The problem = Apart from the pictures, please restate every entry below exactly.

Data records =
>>>>>

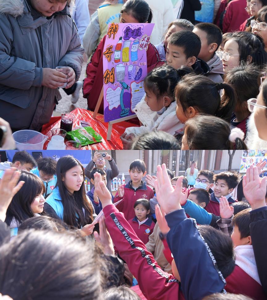 学院倾力打造的实验互动集市成为本次活动的核心环节。活动设置了三大安全有趣的实践挑战区,将操场变为开放式探索乐园。学生们在一对一指导下,兴致盎然地合成“迷你法老蛇”、调配绽放的“彩虹牙膏”,运用紫甘蓝汁破解溶液的酸碱性密码,观察魔幻般的色彩变幻。贯穿始终的科学快问快答环节,将动手实践中萌生的为什么即时转化为知识互动,形成了观察-动手-思考的完整探究闭环,让每位参与者从观众转变为全身心投入的“小小科学家”。在此过程中,学院师生完美扮演了知识传授者、安全守护者与探索引路人的多重角色。
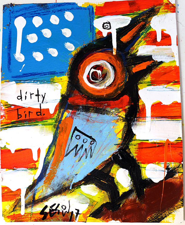 "Dirty Bird USA" acrylic on archival paper 8" x 10" *SOLD email sesow@sesow.com to reserve/ask about purchasing. please include url and description. |
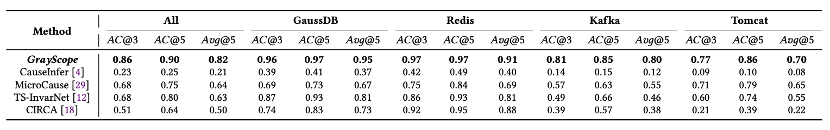 文章对比了GrayScope与4个指标根因定位方法。为了评估方法在不同应用场景中的准确性,文章选用了四个应用场景:高斯数据库(GaussDB)、Redis数据库(Redis)、Kafka分布式发布订阅消息系统(Kafka)和Tomcat应用服务(Tomcat)。最终的实验结果如表1所示。在总体性能方面,GrayScope优于其他方法,其Avg@5达到了0.82,与第二名相比提高了18%,说明结合专家知识以捕捉更准确的因果关系,并将部分相关性与异常程度相结合以进行根本原因推断,这两点增强了GrayScope的有效性。
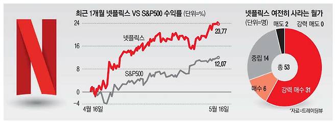 그는 "최근 주가가 많이 오른 만큼 포트폴리오에서 당장 넷플릭스의 비중을 크게 늘리기 부담스러울 수 있지만 중장기적인 상승이 기대되는 만큼 일부 보유할 필요가 있다"고 덧붙였다.
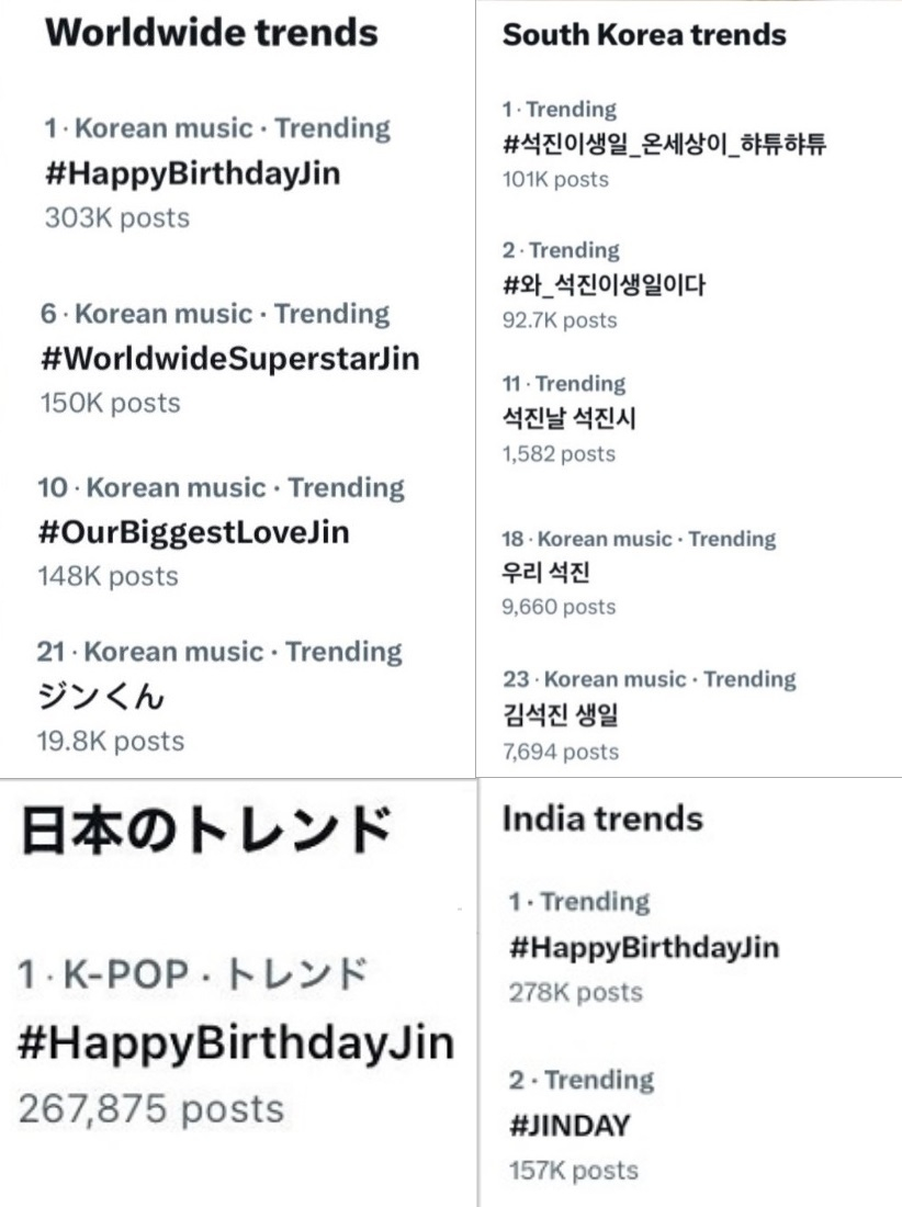 대표 글로벌 스타 진은 육군 현역 조교로 군복무 중임에도 전 세계 팬들로부터 뜨겁게 사랑받으며 역대급 생일 서포트가 계속되고 있다. 생일 전날인 3일 밤부터 내내 진의 생일을 축하하는 문구들이 트위터 월드와이드, 한국, 일본, 인도 등 세계 곳곳에서 실시간 1위와 상위권을 화려하게 장식했다.
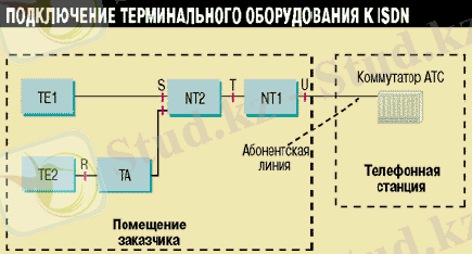 8-сурет. ISDN стандартының құрамына кіретін құрылғылар мен функционалды топтар және тірек нүктелері.
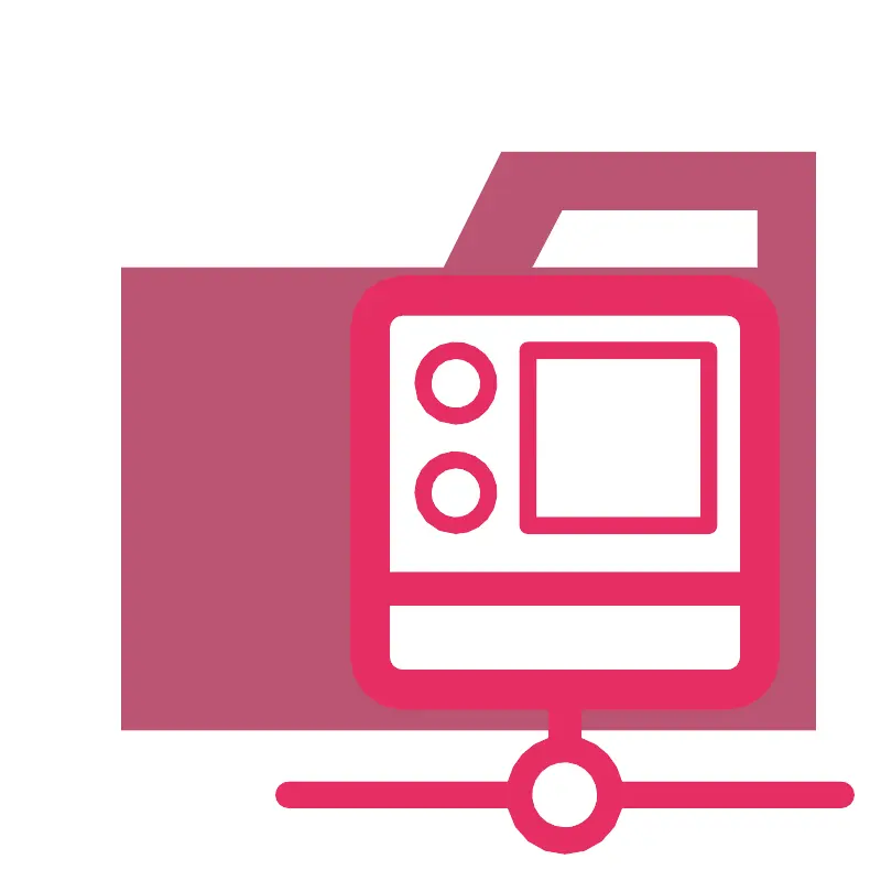 <svg width="800px" height="800px" viewBox="0 0 32 32" xmlns="http://www.w3.org/2000/svg"><title>folder_type_middleware</title><path d="M27.5,5.5H18.2L16.1,9.7H4.4V26.5H29.6V5.5Zm0,4.2H19.3l1.1-2.1h7.1Z" style="fill:#bc5572"/><path d="M27.109,24.557H13.89V11.193H27.109ZM20.5,27.54a1.313,1.313,0,1,0,1.3,1.312A1.3,1.3,0,0,0,20.5,27.54Z" style="fill:#ffffff;stroke:#000000;stroke-miterlimit:10;stroke-width:0.12306608451093866px"/><path d="M16.521,15.393A1.492,1.492,0,1,0,15.046,13.9,1.485,1.485,0,0,0,16.521,15.393Zm0-2.386a.9.9,0,1,1-.885.895A.891.891,0,0,1,16.521,13.007Zm0,6.359a1.491,1.491,0,1,0-1.475-1.491A1.485,1.485,0,0,0,16.521,19.366Zm0-2.386a.9.9,0,1,1-.885.895A.891.891,0,0,1,16.521,16.98Zm2.636,2.386h6.566a.3.3,0,0,0,.3-.3v-6.36a.3.3,0,0,0-.3-.3H19.157a.3.3,0,0,0-.3.3v6.36A.3.3,0,0,0,19.157,19.366Zm.3-6.359h5.976V18.77H19.452Zm11.08,15.372H22.571a2.143,2.143,0,0,0-1.481-1.588V25.75H26.4a1.9,1.9,0,0,0,1.889-1.909V11.909A1.9,1.9,0,0,0,26.4,10H14.6a1.9,1.9,0,0,0-1.889,1.909V23.841A1.9,1.9,0,0,0,14.6,25.75H19.91v1.041a2.143,2.143,0,0,0-1.481,1.588H10.468a.473.473,0,0,0,0,.946h7.961a2.118,2.118,0,0,0,4.142,0h7.961a.473.473,0,0,0,0-.946ZM14.6,11.432H26.4a.48.48,0,0,1,.472.477v8.86H14.127v-8.86A.48.48,0,0,1,14.6,11.432Zm-.472,12.409V21.962H26.873v1.879a.48.48,0,0,1-.472.477H14.6A.48.48,0,0,1,14.127,23.841Zm6.373,6.2a1.193,1.193,0,1,1,1.18-1.193A1.186,1.186,0,0,1,20.5,30.045Z" style="fill:#e52e62"/></svg>

<<<<<

Exercise result =
 学院倾力打造的实验互动集市成为本次活动的核心环节。活动设置了三大安全有趣的实践挑战区,将操场变为开放式探索乐园。学生们在一对一指导下,兴致盎然地合成“迷你法老蛇”、调配绽放的“彩虹牙膏”,运用紫甘蓝汁破解溶液的酸碱性密码,观察魔幻般的色彩变幻。贯穿始终的科学快问快答环节,将动手实践中萌生的为什么即时转化为知识互动,形成了观察-动手-思考的完整探究闭环,让每位参与者从观众转变为全身心投入的“小小科学家”。在此过程中,学院师生完美扮演了知识传授者、安全守护者与探索引路人的多重角色。
 "Dirty Bird USA" acrylic on archival paper 8" x 10" *SOLD email sesow@sesow.com to reserve/ask about purchasing. please include url and description. |
 文章对比了GrayScope与4个指标根因定位方法。为了评估方法在不同应用场景中的准确性,文章选用了四个应用场景:高斯数据库(GaussDB)、Redis数据库(Redis)、Kafka分布式发布订阅消息系统(Kafka)和Tomcat应用服务(Tomcat)。最终的实验结果如表1所示。在总体性能方面,GrayScope优于其他方法,其Avg@5达到了0.82,与第二名相比提高了18%,说明结合专家知识以捕捉更准确的因果关系,并将部分相关性与异常程度相结合以进行根本原因推断,这两点增强了GrayScope的有效性。
 그는 "최근 주가가 많이 오른 만큼 포트폴리오에서 당장 넷플릭스의 비중을 크게 늘리기 부담스러울 수 있지만 중장기적인 상승이 기대되는 만큼 일부 보유할 필요가 있다"고 덧붙였다.
 대표 글로벌 스타 진은 육군 현역 조교로 군복무 중임에도 전 세계 팬들로부터 뜨겁게 사랑받으며 역대급 생일 서포트가 계속되고 있다. 생일 전날인 3일 밤부터 내내 진의 생일을 축하하는 문구들이 트위터 월드와이드, 한국, 일본, 인도 등 세계 곳곳에서 실시간 1위와 상위권을 화려하게 장식했다.
 8-сурет. ISDN стандартының құрамына кіретін құрылғылар мен функционалды топтар және тірек нүктелері.
 <svg width="800px" height="800px" viewBox="0 0 32 32" xmlns="http://www.w3.org/2000/svg"><title>folder_type_middleware</title><path d="M27.5,5.5H18.2L16.1,9.7H4.4V26.5H29.6V5.5Zm0,4.2H19.3l1.1-2.1h7.1Z" style="fill:#bc5572"/><path d="M27.109,24.557H13.89V11.193H27.109ZM20.5,27.54a1.313,1.313,0,1,0,1.3,1.312A1.3,1.3,0,0,0,20.5,27.54Z" style="fill:#ffffff;stroke:#000000;stroke-miterlimit:10;stroke-width:0.12306608451093866px"/><path d="M16.521,15.393A1.492,1.492,0,1,0,15.046,13.9,1.485,1.485,0,0,0,16.521,15.393Zm0-2.386a.9.9,0,1,1-.885.895A.891.891,0,0,1,16.521,13.007Zm0,6.359a1.491,1.491,0,1,0-1.475-1.491A1.485,1.485,0,0,0,16.521,19.366Zm0-2.386a.9.9,0,1,1-.885.895A.891.891,0,0,1,16.521,16.98Zm2.636,2.386h6.566a.3.3,0,0,0,.3-.3v-6.36a.3.3,0,0,0-.3-.3H19.157a.3.3,0,0,0-.3.3v6.36A.3.3,0,0,0,19.157,19.366Zm.3-6.359h5.976V18.77H19.452Zm11.08,15.372H22.571a2.143,2.143,0,0,0-1.481-1.588V25.75H26.4a1.9,1.9,0,0,0,1.889-1.909V11.909A1.9,1.9,0,0,0,26.4,10H14.6a1.9,1.9,0,0,0-1.889,1.909V23.841A1.9,1.9,0,0,0,14.6,25.75H19.91v1.041a2.143,2.143,0,0,0-1.481,1.588H10.468a.473.473,0,0,0,0,.946h7.961a2.118,2.118,0,0,0,4.142,0h7.961a.473.473,0,0,0,0-.946ZM14.6,11.432H26.4a.48.48,0,0,1,.472.477v8.86H14.127v-8.86A.48.48,0,0,1,14.6,11.432Zm-.472,12.409V21.962H26.873v1.879a.48.48,0,0,1-.472.477H14.6A.48.48,0,0,1,14.127,23.841Zm6.373,6.2a1.193,1.193,0,1,1,1.18-1.193A1.186,1.186,0,0,1,20.5,30.045Z" style="fill:#e52e62"/></svg>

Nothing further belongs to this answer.